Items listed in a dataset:
········

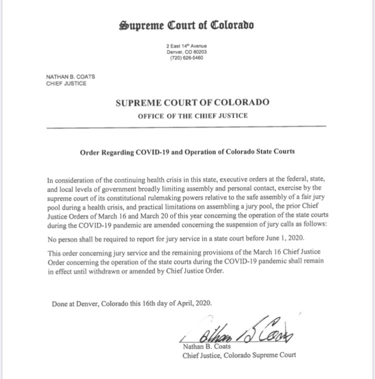 Coronavirus Pandemic: No Jury Trials In Colorado Courts Until June 1
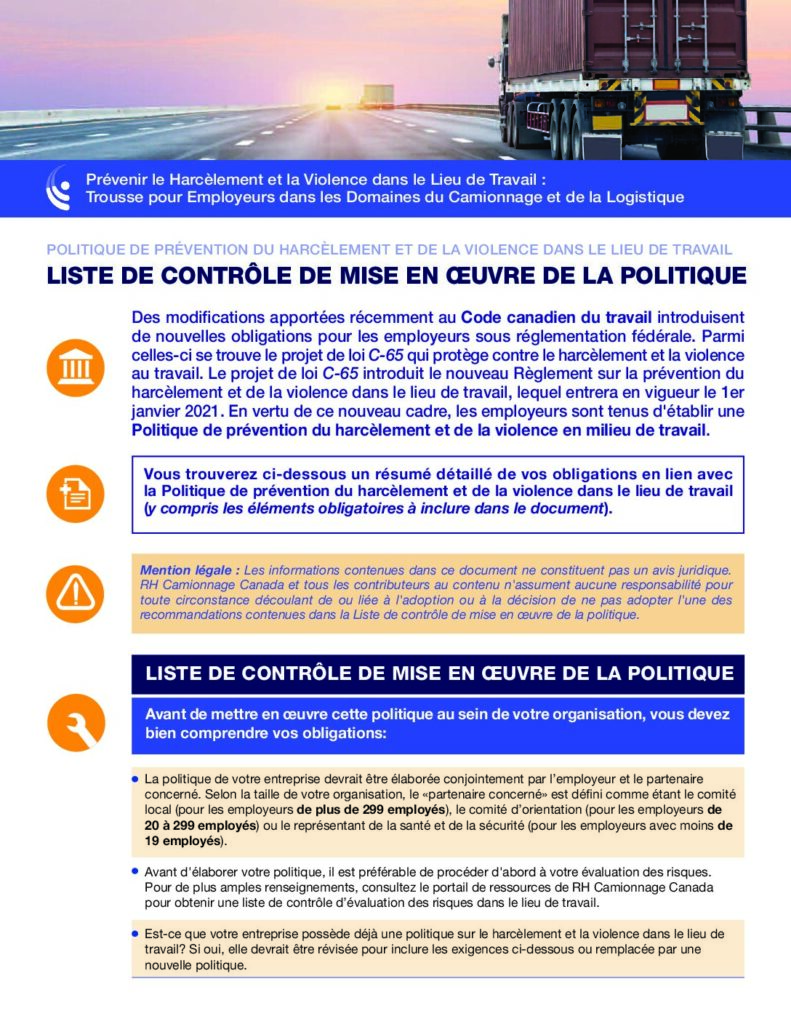 Norme professionnelle nationale – Chauffeur de camion commercial
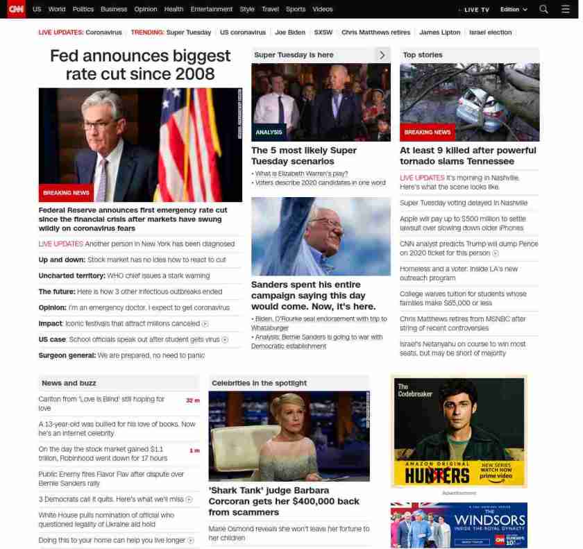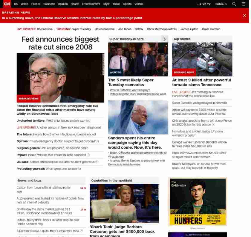 || screaming-banner-text banner-text-size–char-44″ data-analytics=”_list-hierarchical-xs_article_”> Fed announces biggest rate cut since 2008 ||” , title: “CNN – Breaking News, Latest News and Videos” , siblings: {“articleList”:[{“uri”:”/2020/03/03/economy/federal-reserve-rate-cut/index.html”,”headline”:”u003cstrong>Federal Reserve announces first emergency rate cut since the financial crisis after markets have swung wildly on coronavirus fearsu003c/strong>”,”thumbnail”:”//cdn.cnn.com/cnnnext/dam/assets/200303102734-03-jerome-powell-0129-small-11.jpg”,”duration”:””,”description”:”The Federal Reserve slashed interest rates by half a percentage point on Tuesday.”,”layout”:””
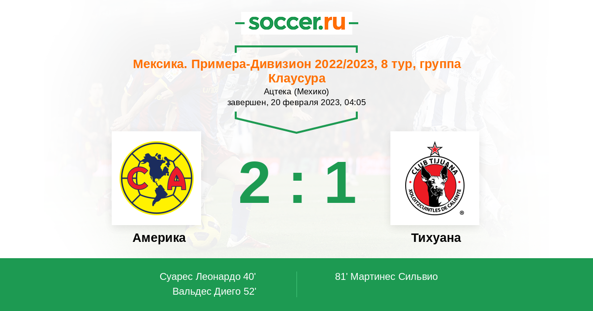 40' (1:0) Суарес Леонардо (32)
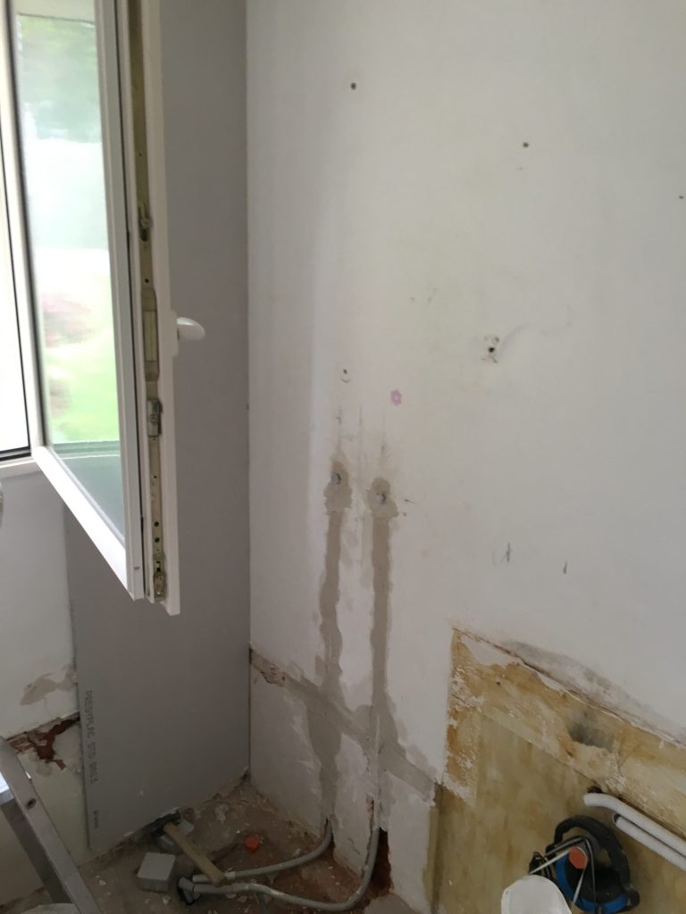 Nos entités An Oriant Plak, An Oriant Sols et Les Salles de Bains d’Inès ont procédé à la réalisation complète de cette salle de bain sur la commune de Lanester en effectuant :
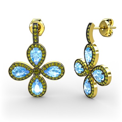 Peridot ve akuamarin 925 ayar altın kaplama gümüş küpe
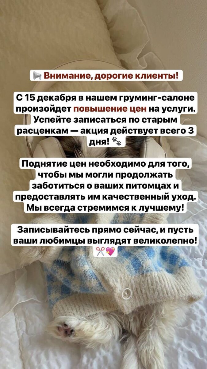 Успей записаться по старой цене!🥰 Сеть груминг салонов по уходу за питомцами🥰 📞8(843)2-400-420 📞 +7904762-54-05 Ибрагимова 24 📞 +7904762-65-52 Фучика145, Павлова 13 Telegram: @tsatsagroom_kazan @TsatsagroomKzn Наши адреса: Фучика 145, Ибрагимова 24, Павлова 13 ⏰работаем ежедневно по записи #зоосалон #груминг #питомцы #цацагрум
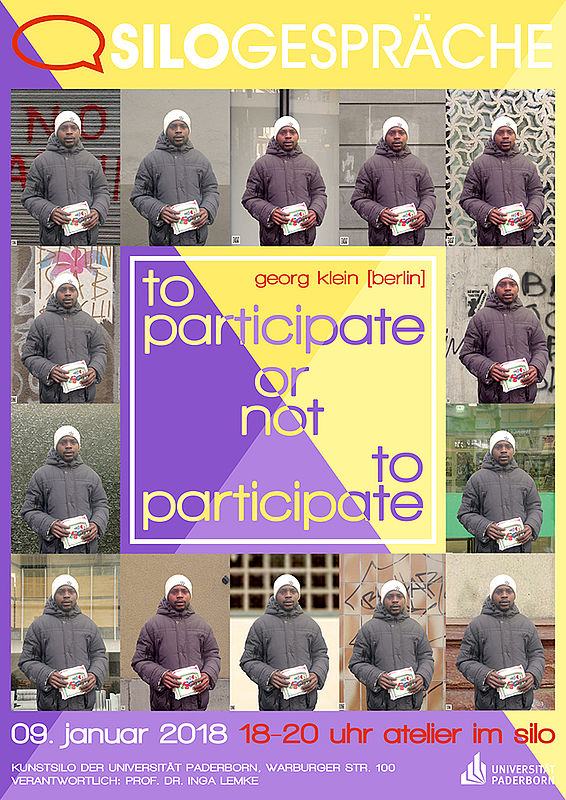 Ist Partizipation künstlerisch sinnvoll? Und wenn ja, wie kann sie gelingen? Darüber spricht der Berliner Klang- und Medienkünstler Georg Klein am Dienstag, 9. Januar, von 18 bis 20 Uhr, im Atelier des Kunstsilos der Universität Paderborn. Der Vortrag „to participate or not to participate“ ist Teil des aktuellen Semesterprogramms der Reihe „Silogespräche“, die vom Fach Kunst ausgerichtet wird.
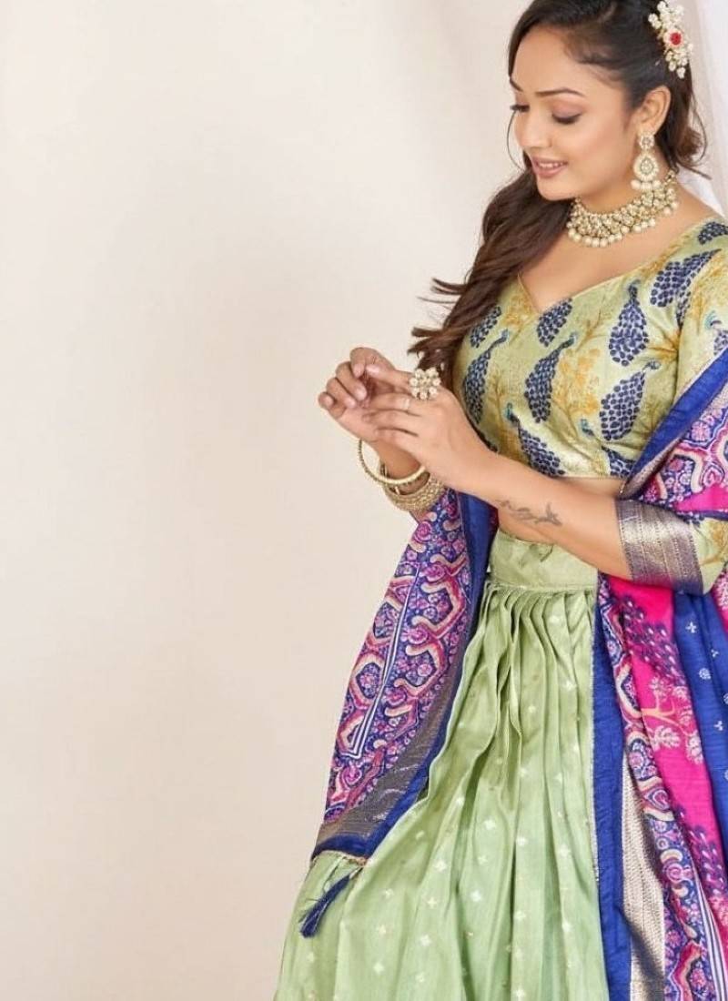 | Product Name | Green Patola Print Dola Silk Lehenga Set With Choli And Dupatta With Tassels | |
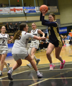 - Frewsburg’s Presleigh Stelmack puts up a jumper during Friday’s NYSPHSAA Class C semifinal against Delaware Academy at Hudson Valley Community College in Troy. P-J photo by Matt Spielman
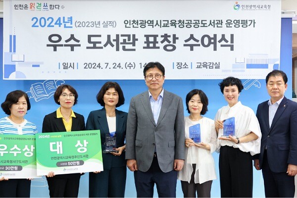 [인천=김형만 기자] 도성훈 교육감이 7월 24일 인천시교육청 소속 8개 공공도서관 중 우수 기관으로 선정된 주안도서관(관장 곽미혜), 서구도서관(관장 박정희), 계양도서관(관장 신순덕) 등 3개 도서관에 표창을 수여하고 격려했다.
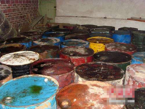 資料圖:圖為已裝桶待售的地溝油。
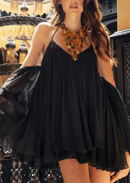 Sexy Rose V-Neck Sleeves Skirt Flared Backless Short
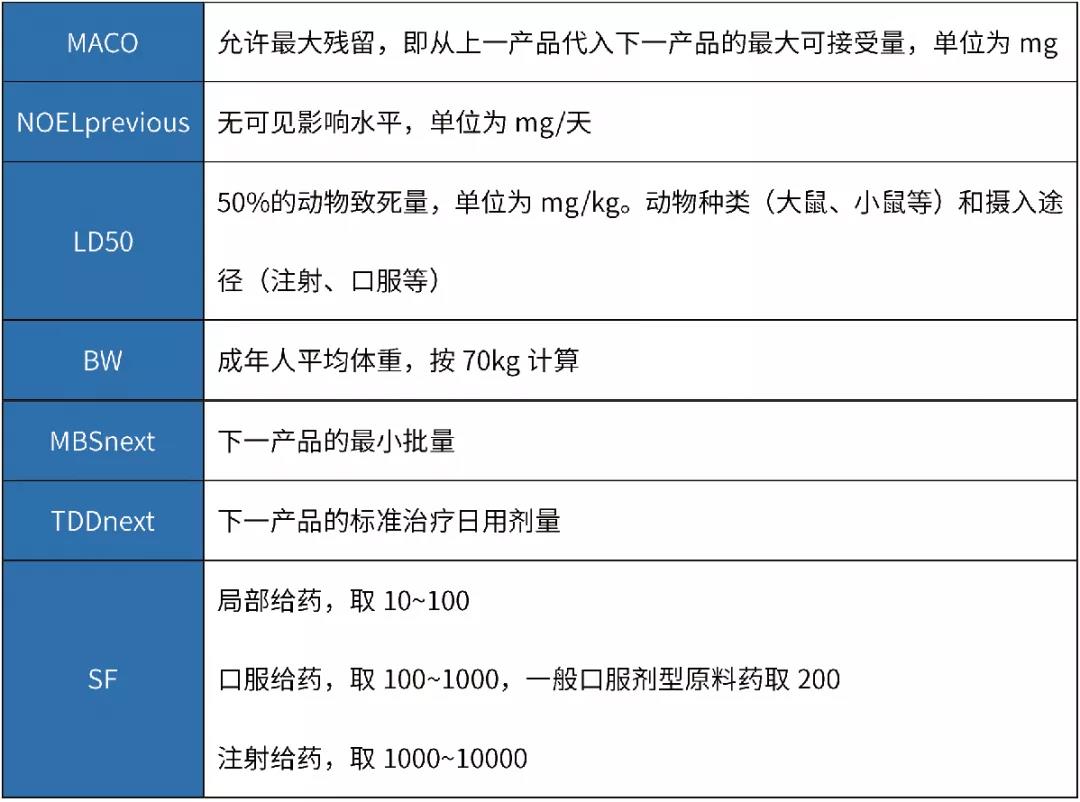 • MACO代表產(chǎn)品A能進(jìn)入到產(chǎn)品B中的最大可接受量(mg);

········

Write out, exactly and with no pictures, the lines of the data from the first through the line containing "Tassels | |".

 Coronavirus Pandemic: No Jury Trials In Colorado Courts Until June 1
 Norme professionnelle nationale – Chauffeur de camion commercial
 || screaming-banner-text banner-text-size–char-44″ data-analytics=”_list-hierarchical-xs_article_”> Fed announces biggest rate cut since 2008 ||” , title: “CNN – Breaking News, Latest News and Videos” , siblings: {“articleList”:[{“uri”:”/2020/03/03/economy/federal-reserve-rate-cut/index.html”,”headline”:”u003cstrong>Federal Reserve announces first emergency rate cut since the financial crisis after markets have swung wildly on coronavirus fearsu003c/strong>”,”thumbnail”:”//cdn.cnn.com/cnnnext/dam/assets/200303102734-03-jerome-powell-0129-small-11.jpg”,”duration”:””,”description”:”The Federal Reserve slashed interest rates by half a percentage point on Tuesday.”,”layout”:””
 40' (1:0) Суарес Леонардо (32)
 Nos entités An Oriant Plak, An Oriant Sols et Les Salles de Bains d’Inès ont procédé à la réalisation complète de cette salle de bain sur la commune de Lanester en effectuant :
 Peridot ve akuamarin 925 ayar altın kaplama gümüş küpe
 Успей записаться по старой цене!🥰 Сеть груминг салонов по уходу за питомцами🥰 📞8(843)2-400-420 📞 +7904762-54-05 Ибрагимова 24 📞 +7904762-65-52 Фучика145, Павлова 13 Telegram: @tsatsagroom_kazan @TsatsagroomKzn Наши адреса: Фучика 145, Ибрагимова 24, Павлова 13 ⏰работаем ежедневно по записи #зоосалон #груминг #питомцы #цацагрум
 Ist Partizipation künstlerisch sinnvoll? Und wenn ja, wie kann sie gelingen? Darüber spricht der Berliner Klang- und Medienkünstler Georg Klein am Dienstag, 9. Januar, von 18 bis 20 Uhr, im Atelier des Kunstsilos der Universität Paderborn. Der Vortrag „to participate or not to participate“ ist Teil des aktuellen Semesterprogramms der Reihe „Silogespräche“, die vom Fach Kunst ausgerichtet wird.
 | Product Name | Green Patola Print Dola Silk Lehenga Set With Choli And Dupatta With Tassels | |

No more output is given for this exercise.